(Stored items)

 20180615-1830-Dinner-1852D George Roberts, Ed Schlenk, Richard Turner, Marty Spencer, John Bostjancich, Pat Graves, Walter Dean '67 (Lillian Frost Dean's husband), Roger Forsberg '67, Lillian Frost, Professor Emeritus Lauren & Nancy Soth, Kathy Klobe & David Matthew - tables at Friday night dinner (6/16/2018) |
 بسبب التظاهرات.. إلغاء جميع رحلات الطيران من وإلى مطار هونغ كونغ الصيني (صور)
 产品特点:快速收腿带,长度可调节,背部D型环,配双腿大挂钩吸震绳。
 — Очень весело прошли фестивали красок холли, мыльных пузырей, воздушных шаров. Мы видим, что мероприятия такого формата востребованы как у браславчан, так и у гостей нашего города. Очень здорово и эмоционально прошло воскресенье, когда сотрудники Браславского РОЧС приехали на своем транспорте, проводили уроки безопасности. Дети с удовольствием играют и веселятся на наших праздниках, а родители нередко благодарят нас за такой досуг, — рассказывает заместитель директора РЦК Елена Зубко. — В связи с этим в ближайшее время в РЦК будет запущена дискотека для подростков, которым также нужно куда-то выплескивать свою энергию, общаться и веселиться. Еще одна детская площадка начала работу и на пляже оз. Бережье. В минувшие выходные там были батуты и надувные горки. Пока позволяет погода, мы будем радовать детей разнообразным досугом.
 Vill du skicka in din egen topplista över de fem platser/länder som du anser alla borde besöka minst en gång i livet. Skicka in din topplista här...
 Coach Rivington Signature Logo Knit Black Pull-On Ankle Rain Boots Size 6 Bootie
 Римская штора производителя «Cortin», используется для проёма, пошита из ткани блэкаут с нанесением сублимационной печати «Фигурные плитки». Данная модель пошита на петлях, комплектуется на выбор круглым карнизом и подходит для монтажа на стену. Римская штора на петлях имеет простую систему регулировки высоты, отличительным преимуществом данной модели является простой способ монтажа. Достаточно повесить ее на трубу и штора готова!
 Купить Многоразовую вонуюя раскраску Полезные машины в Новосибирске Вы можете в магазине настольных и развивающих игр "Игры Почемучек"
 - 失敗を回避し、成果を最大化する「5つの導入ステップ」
...
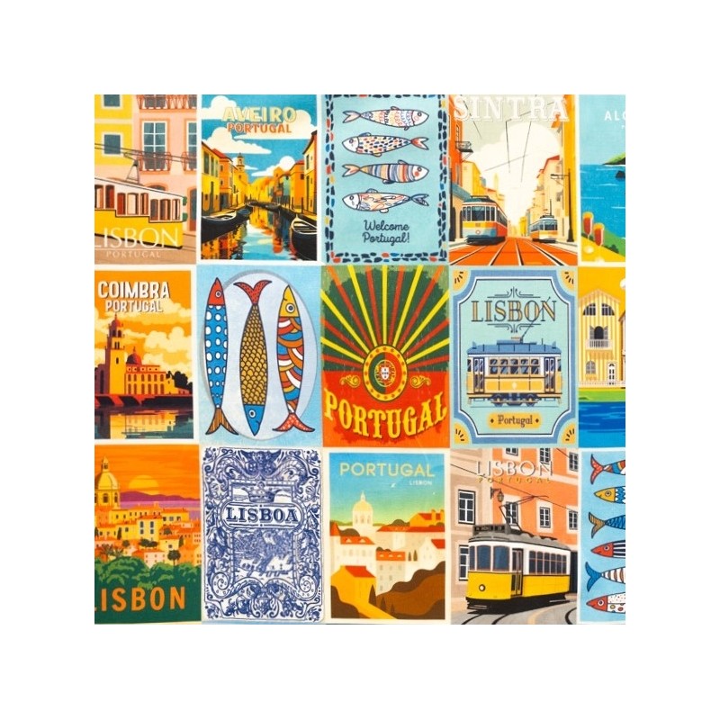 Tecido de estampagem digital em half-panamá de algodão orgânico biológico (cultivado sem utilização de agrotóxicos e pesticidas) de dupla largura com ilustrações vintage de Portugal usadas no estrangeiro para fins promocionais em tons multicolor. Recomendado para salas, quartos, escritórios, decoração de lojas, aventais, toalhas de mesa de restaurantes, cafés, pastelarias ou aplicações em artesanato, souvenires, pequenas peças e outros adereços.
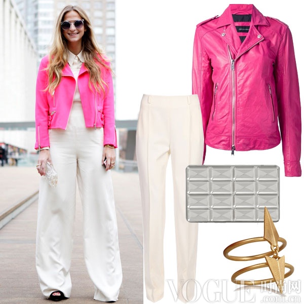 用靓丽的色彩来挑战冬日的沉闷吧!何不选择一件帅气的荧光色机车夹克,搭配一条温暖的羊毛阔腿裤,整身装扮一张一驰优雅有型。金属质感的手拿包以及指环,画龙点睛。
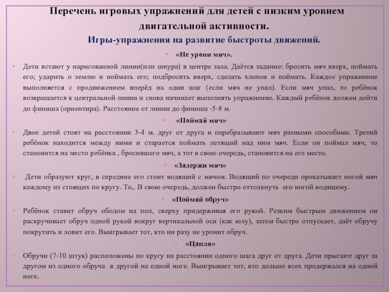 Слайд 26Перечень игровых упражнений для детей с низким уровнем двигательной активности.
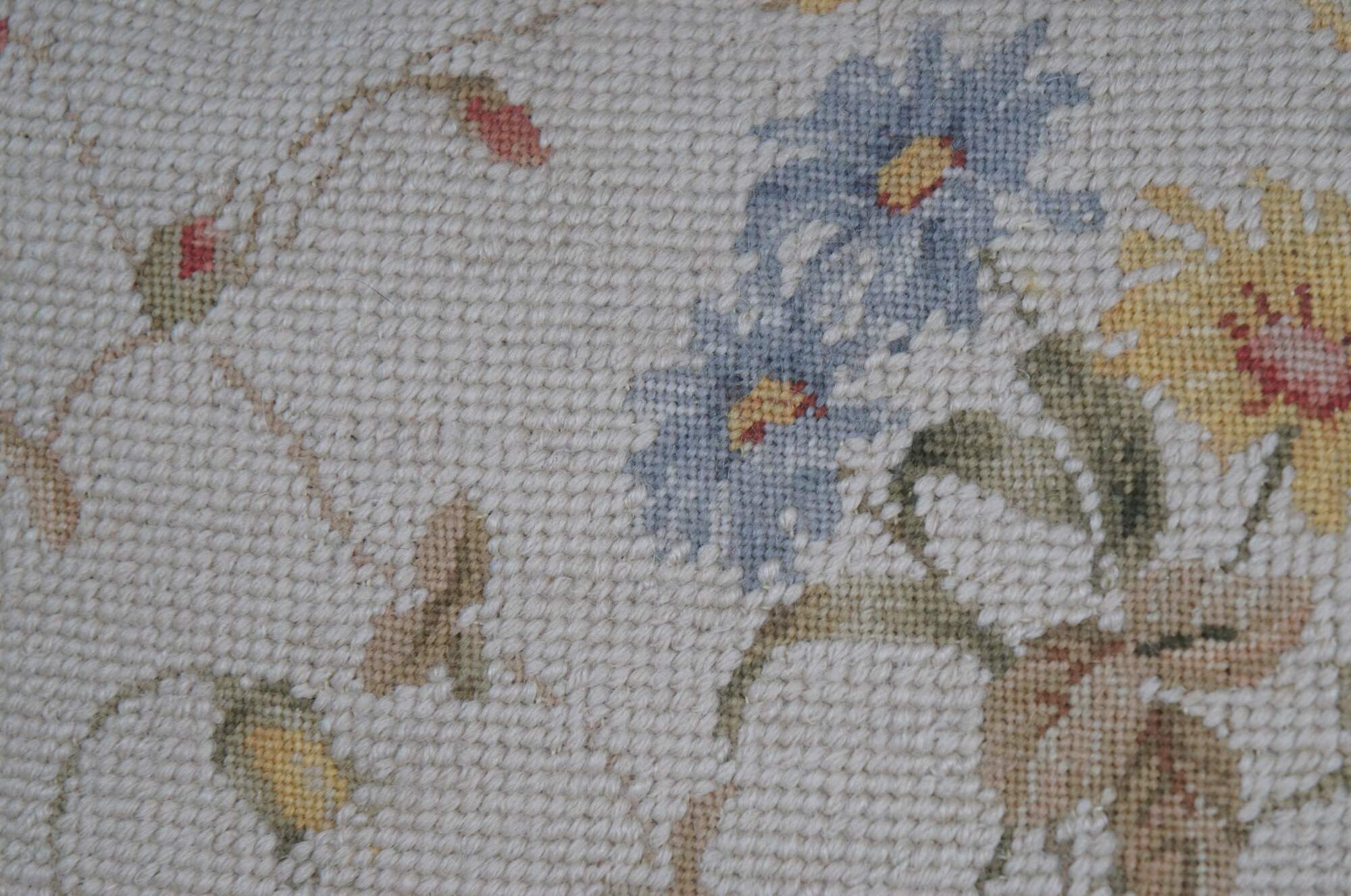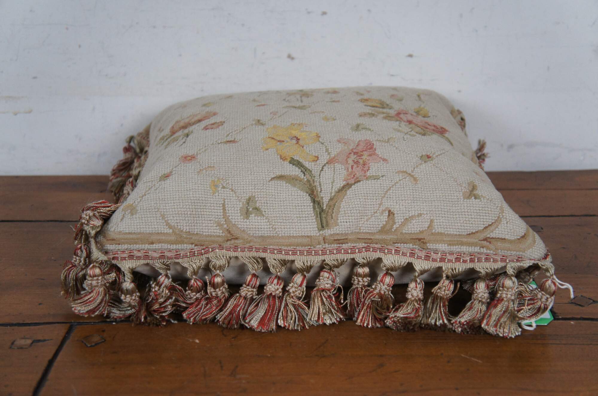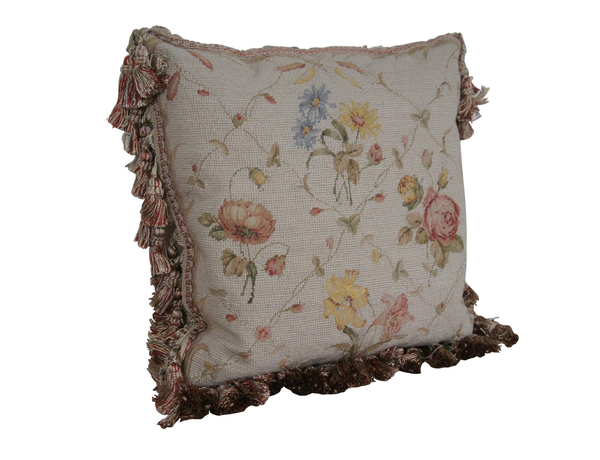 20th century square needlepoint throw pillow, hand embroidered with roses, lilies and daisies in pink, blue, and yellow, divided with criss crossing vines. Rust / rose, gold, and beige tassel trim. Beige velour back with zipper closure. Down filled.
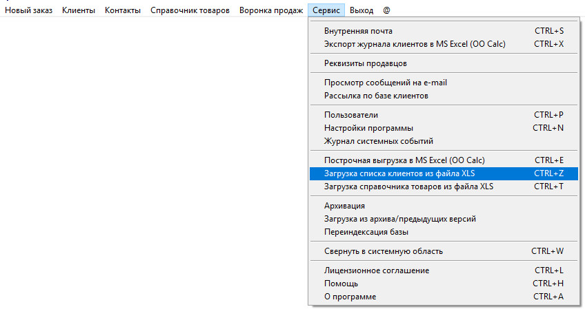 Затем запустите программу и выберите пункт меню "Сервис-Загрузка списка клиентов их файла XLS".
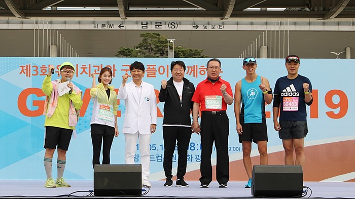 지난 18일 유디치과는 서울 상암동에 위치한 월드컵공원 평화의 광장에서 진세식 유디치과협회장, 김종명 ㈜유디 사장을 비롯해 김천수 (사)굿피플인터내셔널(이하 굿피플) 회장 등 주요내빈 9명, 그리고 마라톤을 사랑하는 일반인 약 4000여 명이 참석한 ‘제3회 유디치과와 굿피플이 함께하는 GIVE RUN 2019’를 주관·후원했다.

(TASK INSTRUCTIONS) Reproduce exactly the lines of the data above that run from the line with "用靓丽的色彩来挑战冬日的沉闷" down to the line with "Затем запустите программу", both ends included. Pictures do not belong in the copy.

(REPLY TO THE EXERCISE)
 用靓丽的色彩来挑战冬日的沉闷吧!何不选择一件帅气的荧光色机车夹克,搭配一条温暖的羊毛阔腿裤,整身装扮一张一驰优雅有型。金属质感的手拿包以及指环,画龙点睛。
 Слайд 26Перечень игровых упражнений для детей с низким уровнем двигательной активности.
 20th century square needlepoint throw pillow, hand embroidered with roses, lilies and daisies in pink, blue, and yellow, divided with criss crossing vines. Rust / rose, gold, and beige tassel trim. Beige velour back with zipper closure. Down filled.
 Затем запустите программу и выберите пункт меню "Сервис-Загрузка списка клиентов их файла XLS".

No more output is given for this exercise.